I wonder if we can improve performance by using the daily sum raster cor nldas2 that @mwdunlap2004 is working on so it's just another prepopulated varkey?
I think you have squeezed out at least some of the performance since your WITH queries are o ly grabbing the data for days when they're the selected source.
are you actually pulling in all USGS coverages for the amalgamated layers? I got a little lost between usgsCoverage, which seemms to grab all shapes, and fullCoverage which seems to limit to a larger watershed of interest.
if you are actually grabbing all the gage covs, do we need to use the single coverage in fullCoverage or is that just to get the base raster? I think I answered my own Question but humor me please 😝
All in all, a 60 hour amalgamation process for the entire domain does not seem outrageous to me -- of course I will soon want to do it in 45 minutes but that is the way of things!

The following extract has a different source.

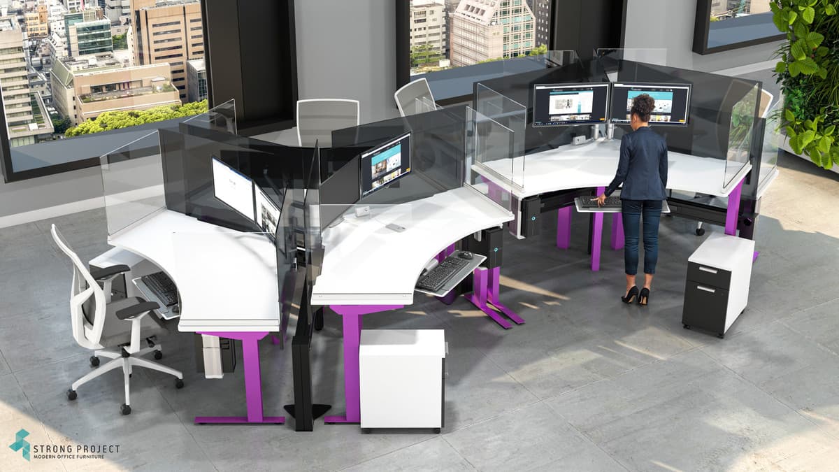 • 24”H Desktop-mounted acrylic screens travel with the height-adjustable desktop providing constant shielding if someone were to cough or sneeze at their desk.

could your headwater data not yield the same data since the selection if best fit is random (for this demo)?

The headwaters are revealing the same data as the data from the randomly selected dataset. I created some temp tables to test this out but that code isn’t here (but I have it on OneDrive if I need to refer to it again).

I wonder if we can improve performance by using the daily sum raster cor nldas2 that @mwdunlap2004 is working on so it's just another prepopulated varkey?

Absolutely! Those raster will reduce run time by at least 33% I think.

I think you have squeezed out at least some of the performance since your WITH queries are o ly grabbing the data for days when they're the selected source.

That’s what I’m hoping! I tried to put a comment block above each ‘WITH’ to help it be a little more legible bc the WITHs are difficult to read.

are you actually pulling in all USGS coverages for the amalgamated layers? I got a little lost between usgsCoverage, which seemms to grab all shapes, and fullCoverage which seems to limit to a larger watershed of interest.

‘fullCoverage’ is the union of nldas for the whole CB extent. It’s unioned at the end to serve as the “background” data is no better data exists

if you are actually grabbing all the gage covs, do we need to use the single coverage in fullCoverage or is that just to get the base raster? I think I answered my own Question but humor me please 😝

To get the base raster. There may be a better way when we finish with temporal disaggregateion

All in all, a 60 hour amalgamation process for the entire domain does not seem outrageous to me -- of course I will soon want to do it in 45 minutes but that is the way of things!

Hopefully we speed it up!

I’ll be working on confirming that the larger watersheds are being overwritten by smaller headwaters using st point next week.

Thinking about steps process -> 01_acquire and process -> 02_rank.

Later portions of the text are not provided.